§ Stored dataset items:
##############################

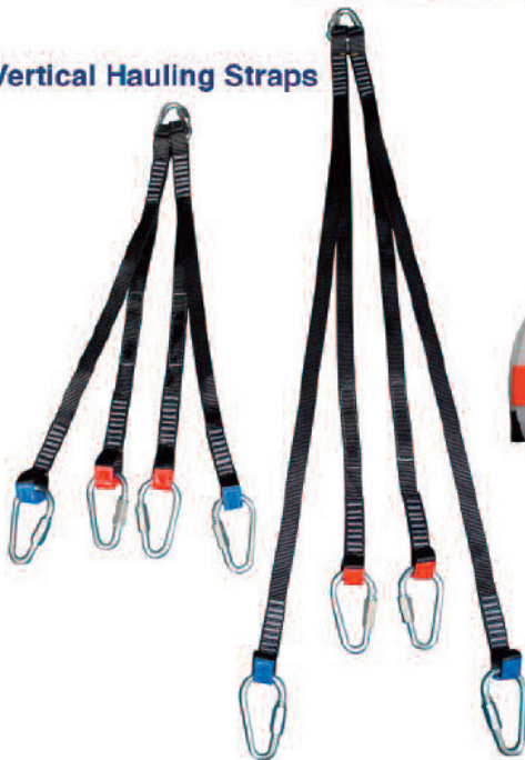
Vertical Hauling Straps
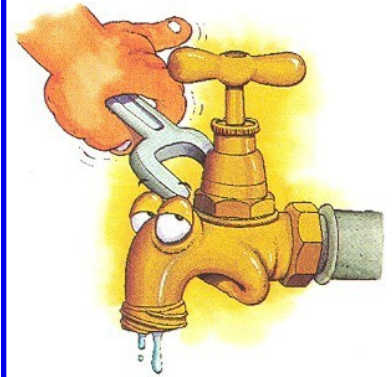
The state of waste water treatment in the EU is improving but more remains to be done.

For further information on this article, please consult the Agence Europe website.
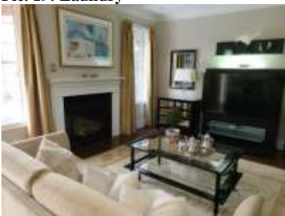
Pic. 22: Family room
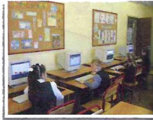
in the computer room
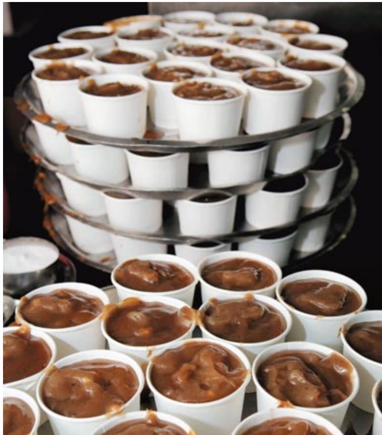
Ragi idli at Sri Ram Restaurant in Mangalore

textures. Called 'Kudla', 'Mangaluru' or the more anglicized Mangalore, this sleepy town of yore is now a bustling city, rubbing shoulders with its more renowned counterparts.
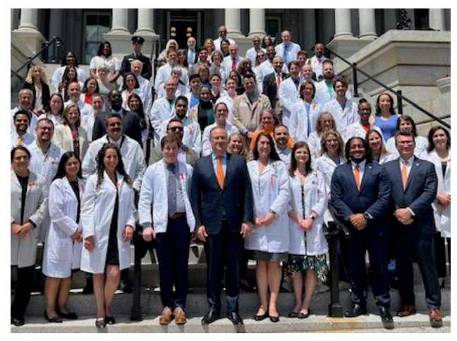
We've transformed America's health care system, training generations of doctors, nurses and other health care providers to support people facing family violence.

Safety. It's the prerequisite to good health, the essential foundation for any society in which children succeed, families thrive, and communities flourish and prosper. But safety is far from a given for everyone in our world today. It's a goal, an aspiration, and here at Futures Without Violence, enhancing safety is the work we do every day. Whether it's preventing and responding to domestic violence, helping children exposed to violence recover from trauma, or ensuring abusers do not have access to guns, it will take all of us to make our nation safe for us all – and we're at the forefront, developing dynamic new strategies and making progress on many fronts.
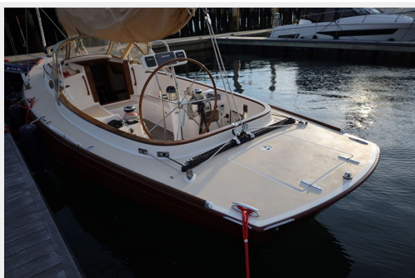
Aft Deck and Cockpit

##############################

§ What is being asked: Write the number of lines in the data above that contain "more", adding no other words.

§ Reply: 2